И в подтверждение своих слов она однажды принесла портрет Маленького принца (его сам нарисовал замечательный французский писатель Антуан де Сент-Экзюпери) и повесила на стенку над Тимошиной кроватью. Мама и папа долго стояли перед портретом Маленького принца, взявшись за руки, и молча вспоминали что-то своё, к чему Тимоша не имел никакого отношения, потому что родился гораздо позже.
Когда родители ушли на работу, Тимоша долго рассматривал Маленького принца. Потом, когда чистил перед завтраком зубы, он рассматривал себя в зеркало, но никакого сходства не обнаружил. Уши у них были совершенно разные. Ну, разве у Маленького принца уши? Смех один. Глаза? Ну, абсолютно непохожие глаза! А носы?! Тут вообще говорить нечего, .у Маленького принца носа почти что и нет, зато у Тимоши!.. Особенно когда насморк!..
Вот только шарф! Длинный шарф Маленького принца был точь-в-точь такой же, как у Тимоши. Как увидел Тимоша этот шарф, сразу ему Маленького принца жалко стало. Ведь известно: человек, будь он хоть принц, хоть кто, просто так на шею здоровенный шарф наматывать не станет!

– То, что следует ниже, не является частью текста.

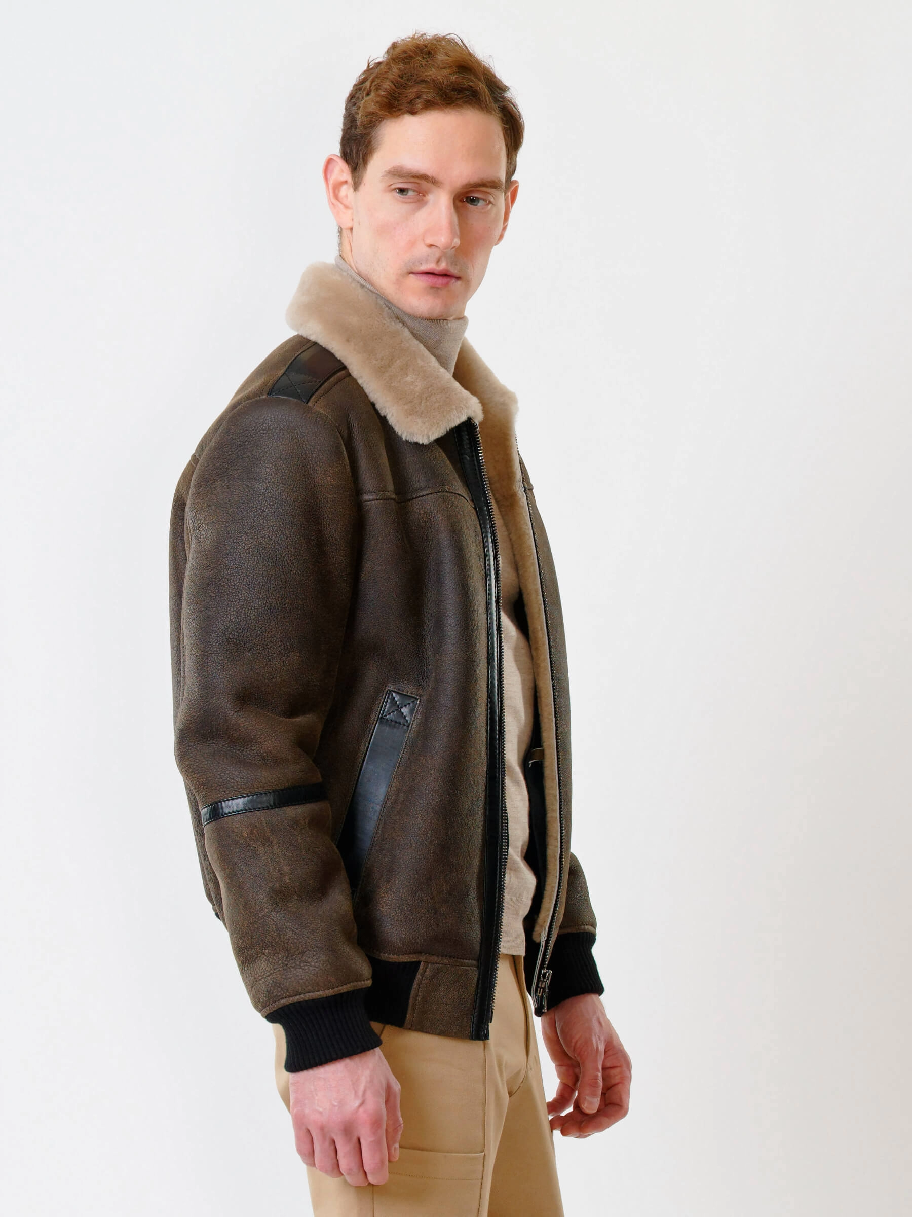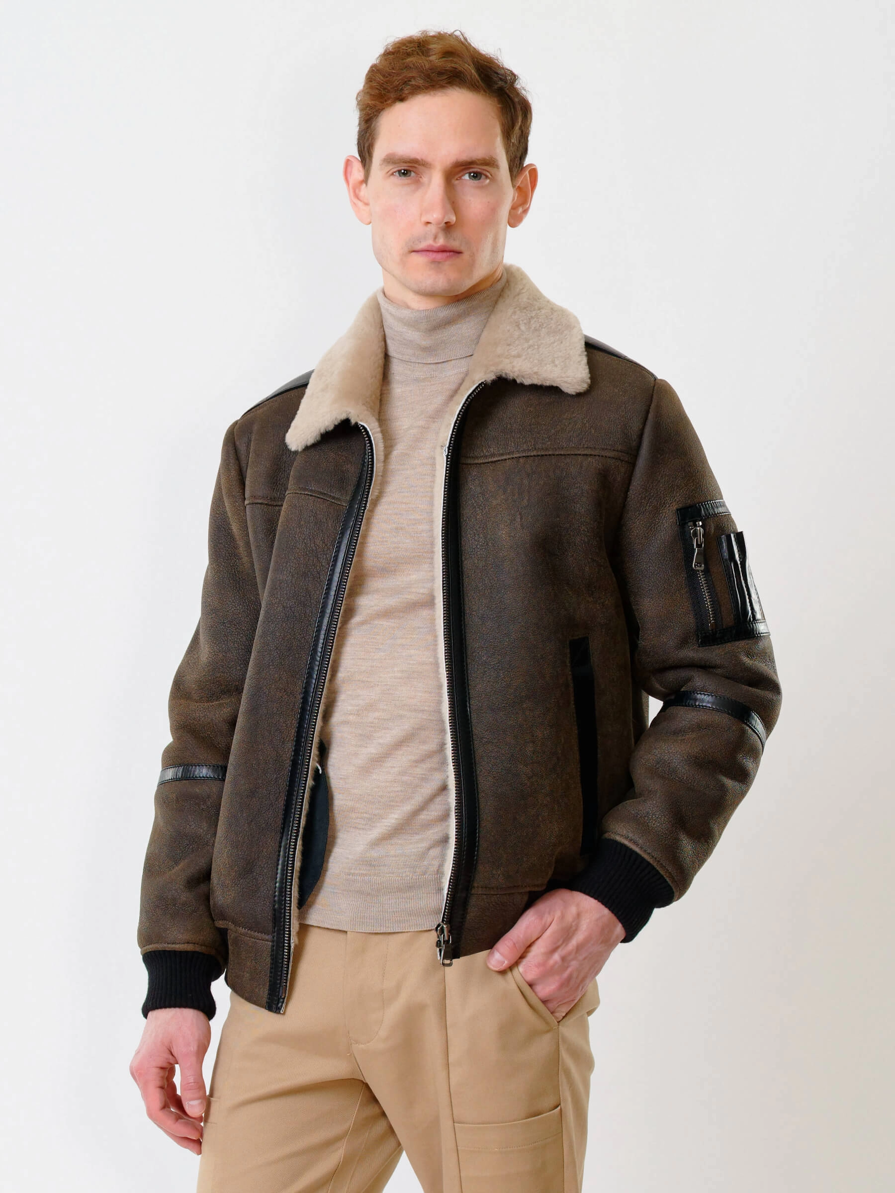 Дублёнка-авиатор. Специальная технология стирки овчины придает поверхности дублёнки повышенную износостойкость. Максимально густой мех. Минимальный вес. Предусмотрены внутренние карманы для документов. Безупречная работа наших портных. Комфортная посадка по фигуре. Великолепная свобода движений.

Раз на шее шарф – Дуня это по себе очень даже хорошо знал,– значит, дело ясное: ангина!
«А вот ангина, будь она неладна! – говорил Иван Карлыч.– Это вам не фунт изюма».
И Тимоша с Иваном Карлычем был полностью согласен: то есть совершенно не фунт! Некоторые здоровяки – не будем называть их пофамильно – так вот, некоторые здоровяки из второго, из третьего и даже из четвёртого класса только и мечтали заболеть.
«Везёт же Дуне! – говорили они с завистью.– Только чуть-чуть по луже походил, даже не на самую глубину – и, пожалуйста, полчетверти болеет. А тут по пять порций мороженого съедаешь на катке – и хоть бы горло покраснело, хоть бы на одно деленьице температура поднялась! Счастливый ты, Дуня!»
Некоторые здоровяки думали, что болезнь – это вроде каникул. В школу ходить не надо! Уроки учить не надо! И никто за это не ругает, не дразнит лодырем, прогульщиком, а наоборот: все тебя жалеют! Подарки дарят! Всякими сластями угощают.
А ты валяешься целый день на кровати, уплетаешь бананы-апельсины со сгущёнкой и смотришь по телевизору все передачи подряд!
Эти некоторые здоровяки сами никогда-то не болели. Где им понять, что болезнь от слова «боль» происходит. И, стало быть, больных жалеют не зря… Болеть – ох, как трудно!
Тимоша-то это знал, к сожалению, очень хорошо.
Если бы некоторые здоровяки узнали, о чём мечталось Тимоше, они бы очень удивились, потому что мечты у него были о самых простых вещах. Здоровяки никогда бы не подумали, что об этом можно мечтать. Например, о том, чтобы летом бегать по лужам босиком, под дождём, зимой лепить снеговиков и кидаться снежками – без варежек! А весной и осенью ходить без галош, промачивать ноги. И круглый год есть мороженое!
Но чтобы не навалилась при этом душная температура и не болело горло, словно туда гвоздей наколотили.
Он мечтал ходить в школу каждый день и получать отметки не только по русскому языку и математике, но и по физкультуре, и по пению, от которых он вечно был освобождён.
Он мечтал о том, чтобы в их квартире, где пахло лекарствами и даже радио говорило вполголоса, каждое утро громко трезвонил будильник!
Будильник-то у Тимоши был замечательный. Довоенный. Дедушкин. У Будильника был похожий на шляпку гриба здоровенный никелированный звонок, а на задней стенке брякали две серьги с полустёртыми лихими надписями: «Ход» и «Бой».
Старый Будильник работал, не зная усталости. Круглые сутки он считал минуты, пересыпал секунды и складывал их в часы, дни и годы. А в те редкие дни, когда мальчик был здоров, по утрам Будильник звонил. И тогда казалось, что там, внизу, под окнами дома, где шипели шинами и завывали троллейбусы, вдруг затрезвонил весёлый весенний трамвай (хотя трамваи здесь сроду не ходили, тут и рельсов-то не было!).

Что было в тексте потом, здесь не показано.